Wednesday, April 2, 2008

The Question of Foreign Advising

John Nagl continues to be the country's hottest ticket for military intellectual thought (How many 0-5s have managed to do op-eds for the Times and the Post within a four week span?), and today's New York Times indicates that he has found his main initiative. Ever since last June's CNAS paper outlining his vision of a Foreign Advisory Corps, TSK has been waiting for a public airing of the idea. We've been teased for months by allusions to it in editorials by Max Boot and Nagl himself, but today's piece is the first to elaborate upon the proposal and offer a detailed layman explanation. The Colonel Killebrews of the world may argue that we don't need a FAC, but the hard truth is that Nagl has more star power than anyone who has come out in opposition to the proposal. As always, bureaucratic inertia is the biggest obstacle to a true Corps of advisors, but it seems the MSM is willing to give Nagl a platform to make his case.

"Too much of that statement still rings true today. In the long term, we need to institutionalize our ability to field advisers and provide effective military assistance to allies. As it stands now, the troops we train at Fort Riley do their tour and are then moved back into conventional roles, while the embedded training teams are demobilized. This is as senseless as if in World War II we had decided that the First Infantry Division, which had gone ashore in North Africa and Sicily, was to be disbanded and replaced on D-Day with a division that had no experience landing on hostile ground. What we need, even after the Iraq and Afghanistan missions have ended, is a standing advisory corps of about 20,000 troops that can deploy wherever in the world we need to get our allies up to speed."

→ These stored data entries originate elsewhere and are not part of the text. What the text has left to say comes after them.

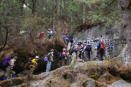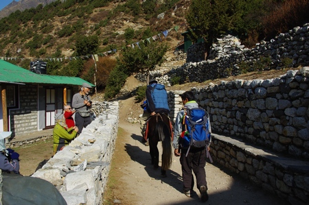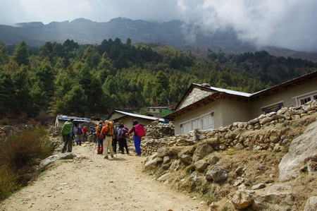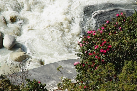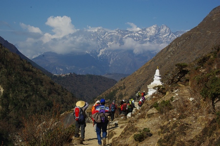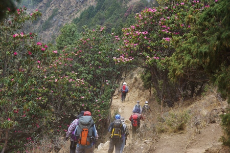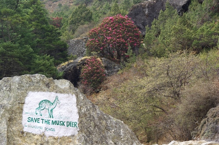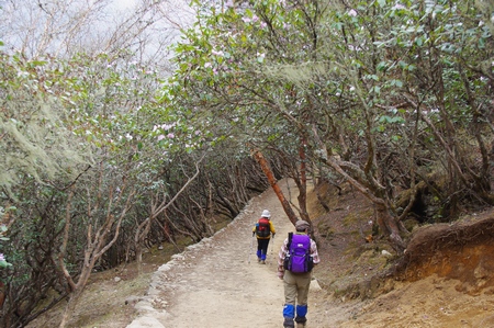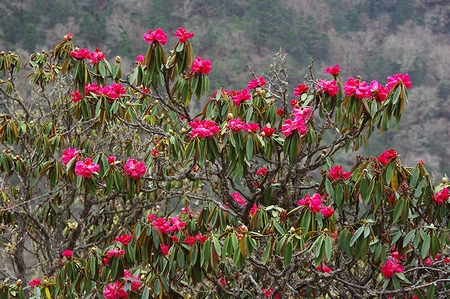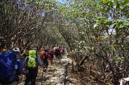 ![]() タンボチェへと続く坂はシャクナゲ林 |
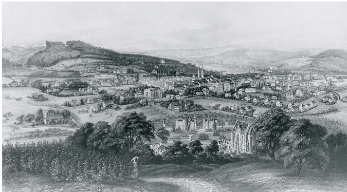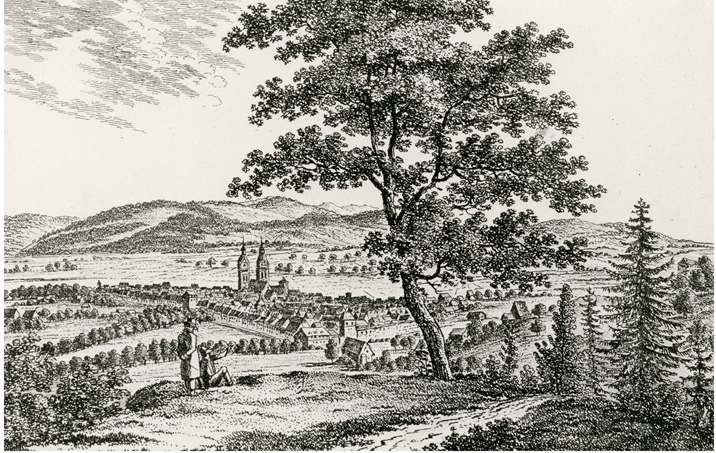 Blick vom Brüelberg auf die noch geschlossene Stadtanlage inmitten von Wiesen und Feldern. Darstellung von Georg Adam (1784–1823), um 1820.
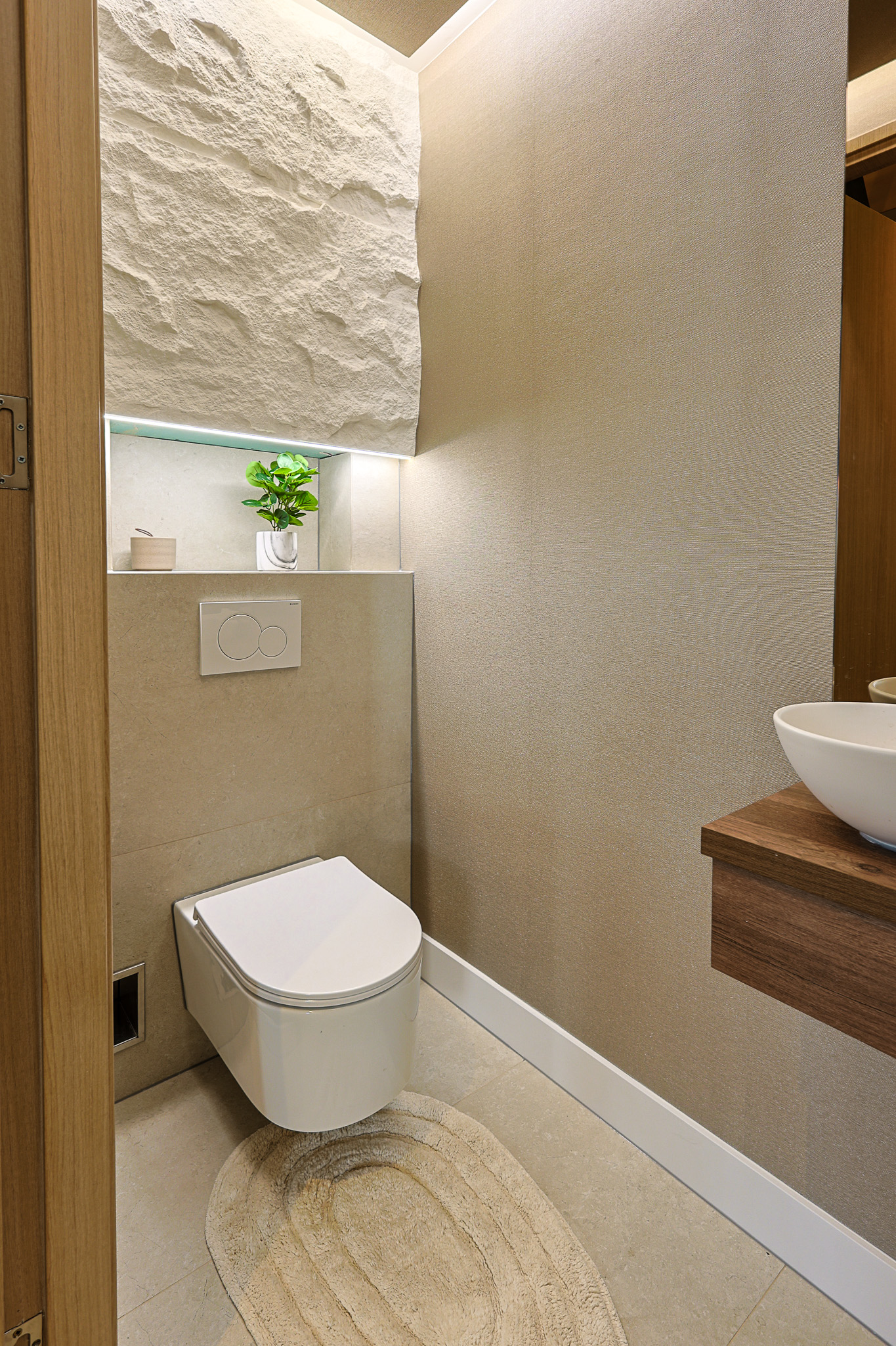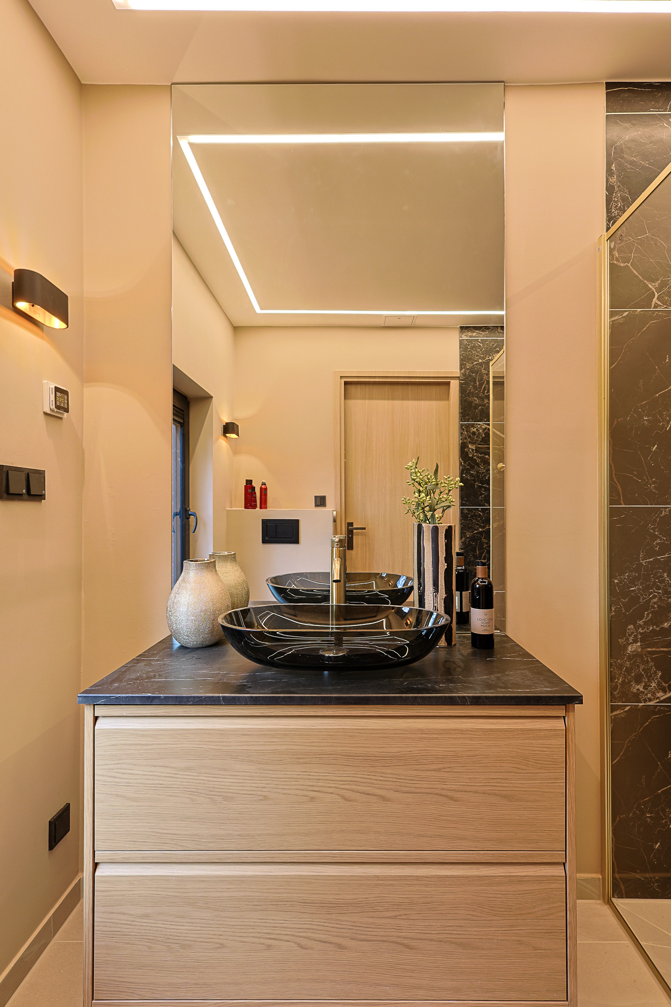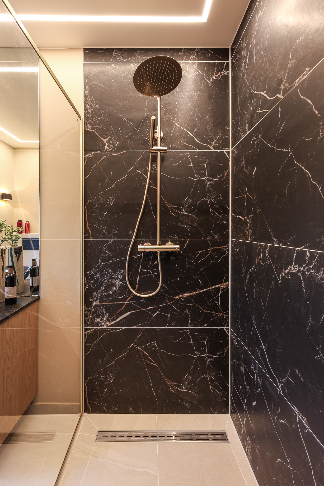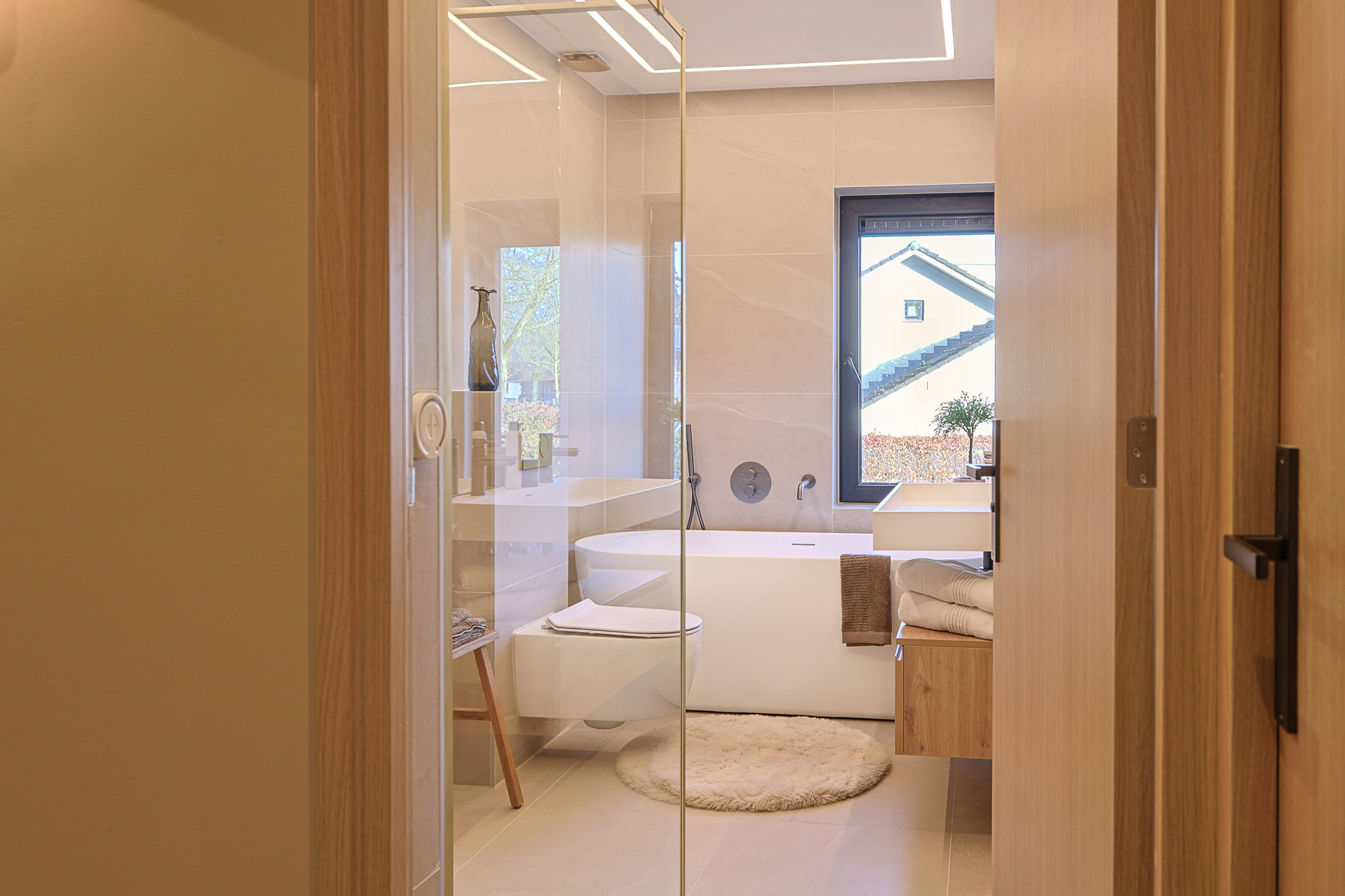 Luxe en moderne badkamer met lichtstrip in het plafond, inloopdouche, wastafelmeubel en hangcloset. Daarnaast is hier vloerverwarming aanwezig.
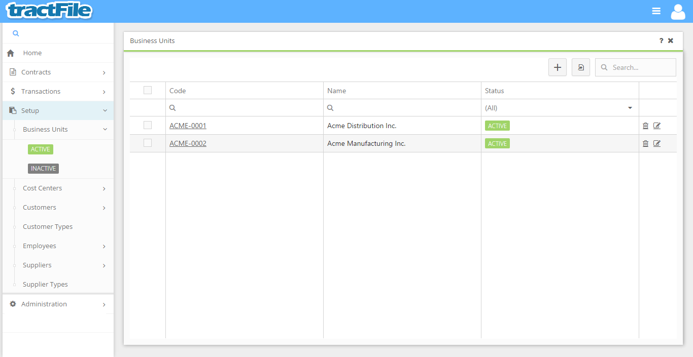create button, either on the Business Unit grid accessed under the Setup tab in the main menu, or the same grid from within another form (e.g. Supplier Contract).
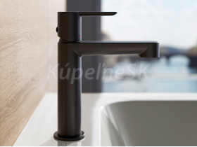 Umývadlová batéria Puri, bez výpusťe. V novom dizajne s jemnejšími tvarmi a odľahčeným vzhľadom. V čiernom matnom vyhotovení. Perlátor s funkciou FlexiFlow.
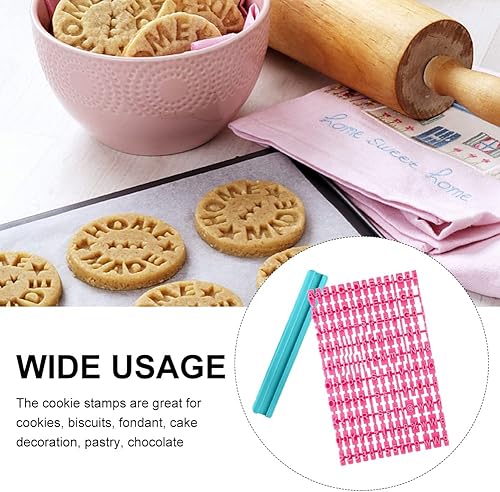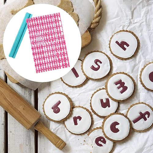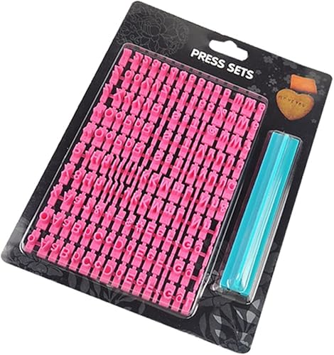 Lot de 150 Moule Alphabet Chiffre Pâtisserie,Tampons à Biscuits l'alphabet, avec Lettres minuscules et majuscules, emporte-pièces Timbres ponctuation Tampon gaufrer pour créer des Messages(Rose)
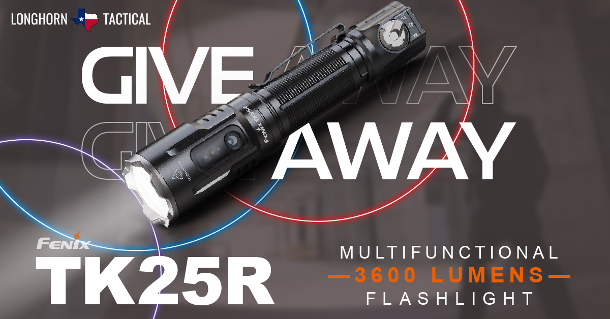 Enter for a chance to win the Fenix TK25R tactical flashlight. This duty light features a 3600 lumens max output with a unique side light – white, red, UV, and red/blue flash – making this a multifunctional light for any situations.
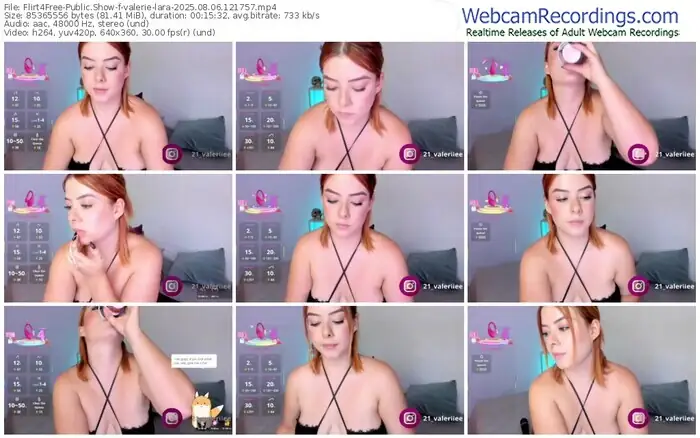 There are a total of 161 recordings (78 hours) of valerie-lara from Flirt4Free available below.
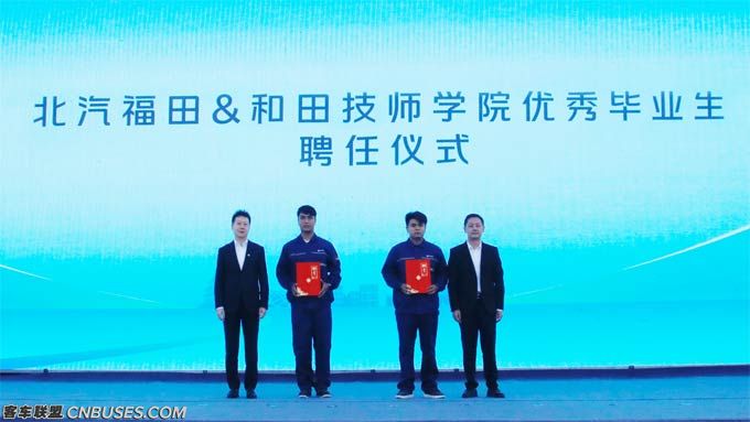 同时双方将携手探索校企合作新模式,通过共建实习实训基地、开设订单班、共同开发课程体系等方式,不仅可为学生提供更贴近产业实际的学习环境,也能为企业发展注入新鲜血液,实现双赢。活动现场,北汽福田聘用和田技师学院30名优秀毕业生成为北汽福田经销商员工,北汽福田副总经理、新闻发言人巩海东为2名优秀毕业代表生颁发聘书。
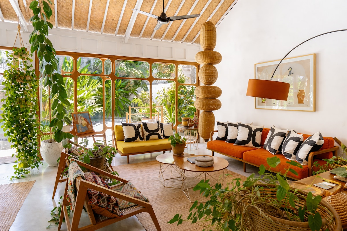 Prenez un bain de soleil autour de la piscine privée de 10 mètres dans la cour luxuriante de cette retraite tranquille. Cette maison combine l'architecture californienne du milieu du siècle avec l'essence tropicale de Bali. Des meubles sur mesure ont été construits et créés sur mesure pour cet espace. REMARQUE GÉNÉRALE : je suis également propriétaire de la propriété voisine. Les réservations pour les deux villas peuvent être effectuées conjointement pour les grands groupes. Veuillez consulter les autres propriétés sous mon profil.
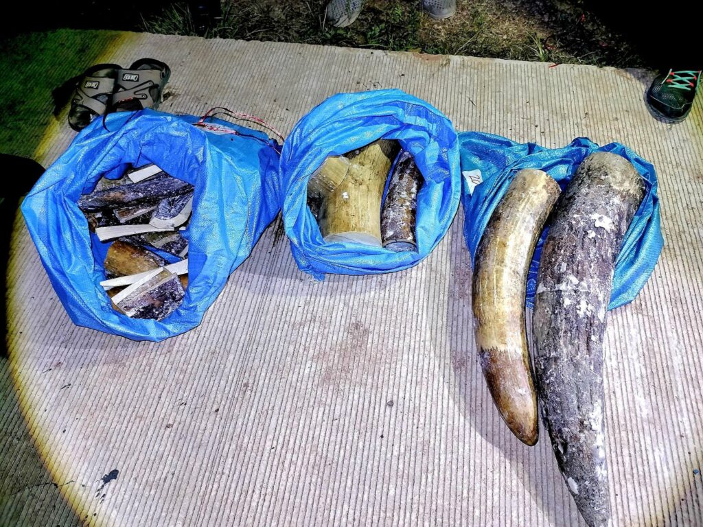 ເຫດການນີ້ ເຈົ້າໜ້າທີ່ສາມາດຄວບຄຸມຕົວຜູ້ຕ້ອງສົງໄສໄດ້ 2 ຄົນ ເປັນເພດຊາຍ ອາຍຸ 21 ປີ ແລະ 18 ປີ, ເຊິ່ງທັງສອງເປັນຄົນໃນພື້ນທີ່ດັ່ງກ່າວ. ຈາກການກວດກາບໍລິເວນອ້ອມຂ້າງ, ໄດ້ພົບເຫັນເປົາປຸ໋ຍສີຟ້າຈຳນວນ 9 ເປົາ ວາງຖິ້ມໄວ້ແຄມຝັ່ງພາຍໃນເປົາ ເຫັນວ່າມີ ງາຊ້າງ ຈຳນວນ 55 ອັນ ນ້ຳໜັກລວມປະມານ 169 ກິໂລກຣາມ.
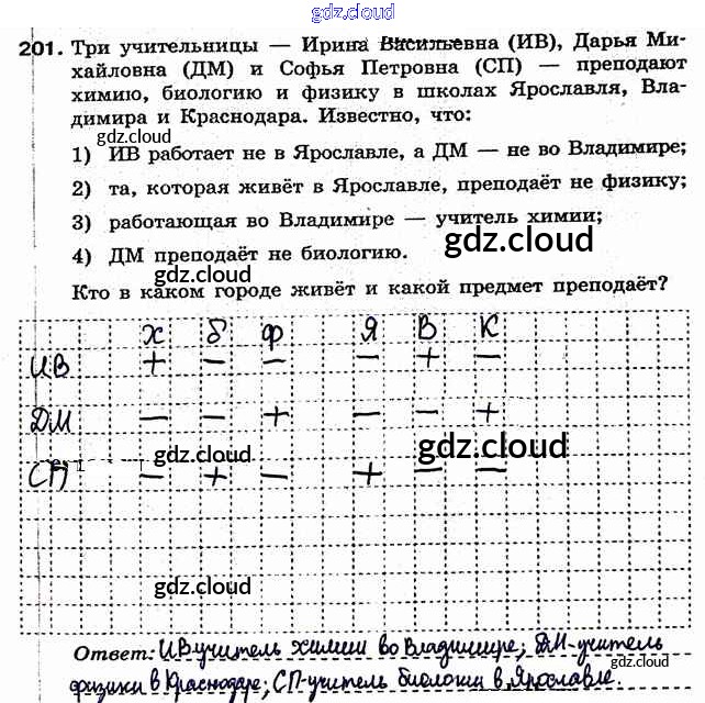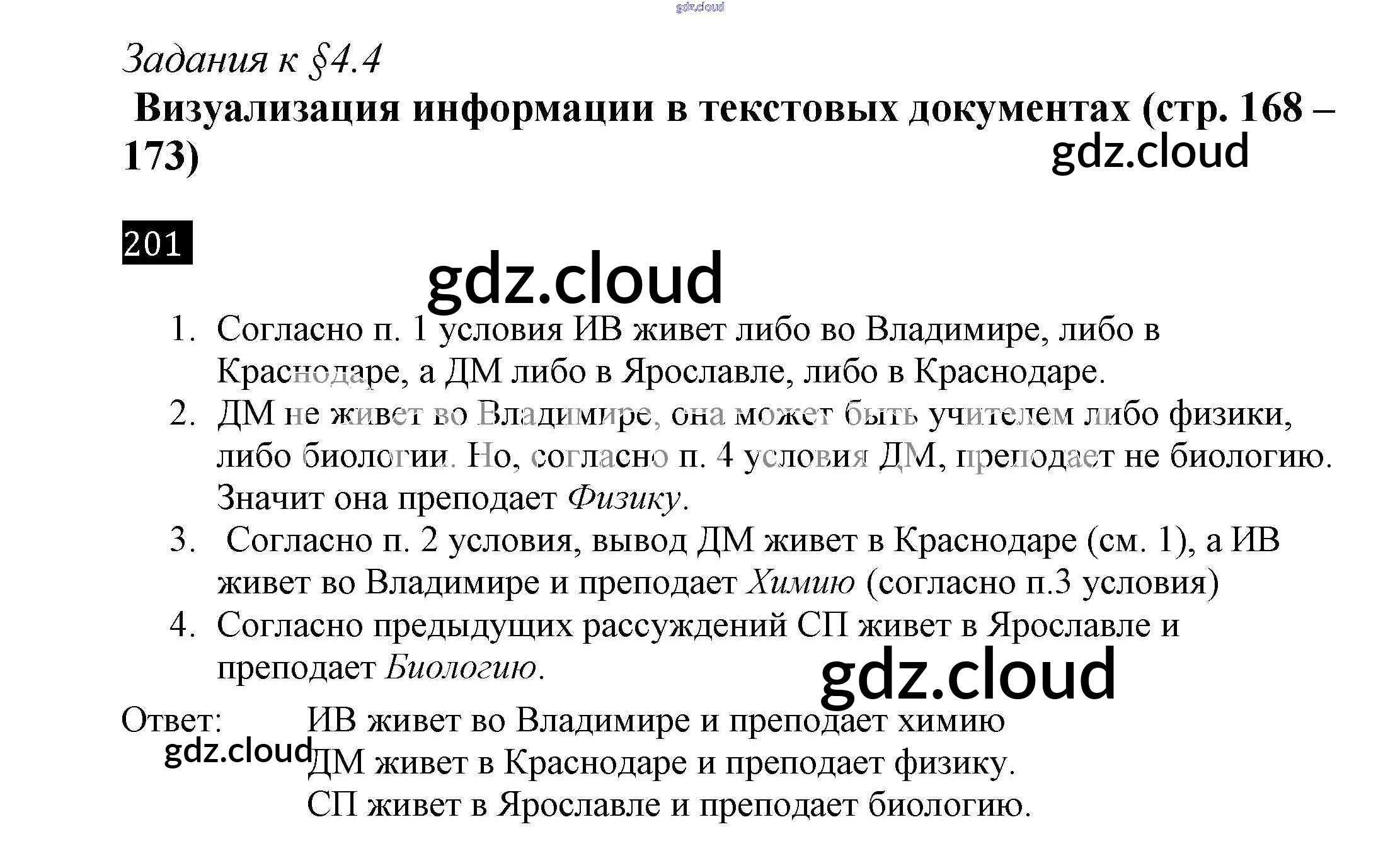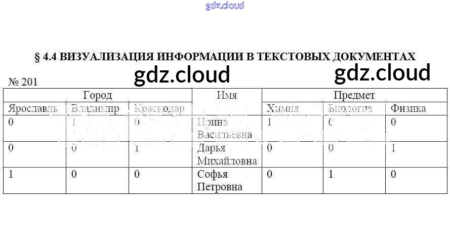 Ответ на задание 201 Рабочая тетрадь Информатика за 7 (седьмой) класс Босова 2018

One final note: If you read the end of the CNAS paper, you'll notice that Nagl leaves the door open for a Corps that expands beyond twenty thousand soldiers. In the op-eds, though, the number is presented as an implied end strength. I suspect this is a political move on Nagl's part to forestall more opposition from stone-age military commentators, and if so, I approve. Nevertheless, students of COIN should keep in mind the possibility that the op-tempo of a FAC will almost certainly demand an expansion, should the idea ever gain acceptance among the Army brass.

1 comment:

Anonymous said...

While it's nice to get a fresh perspective from a young white guy (instead of old white guys), I think Nagl has got to get more hard-nosed and realistic. The idea that the Army is going to create a permanent corps of 10,000 by scraping off the existing branches is a non-starter. I remember the howls of protest when the Army created the Acquisition Corps (which, as the GAO report findings suggest, was and remains badly needed).

His endorsement of remaining in Iraq for another decade is also naive. It may be necessary for mission success, but if the option is not politically viable or supported by the public, it fails two of the three Clausewitzean participants in military strategy. He has star power but not the lock of academic logic.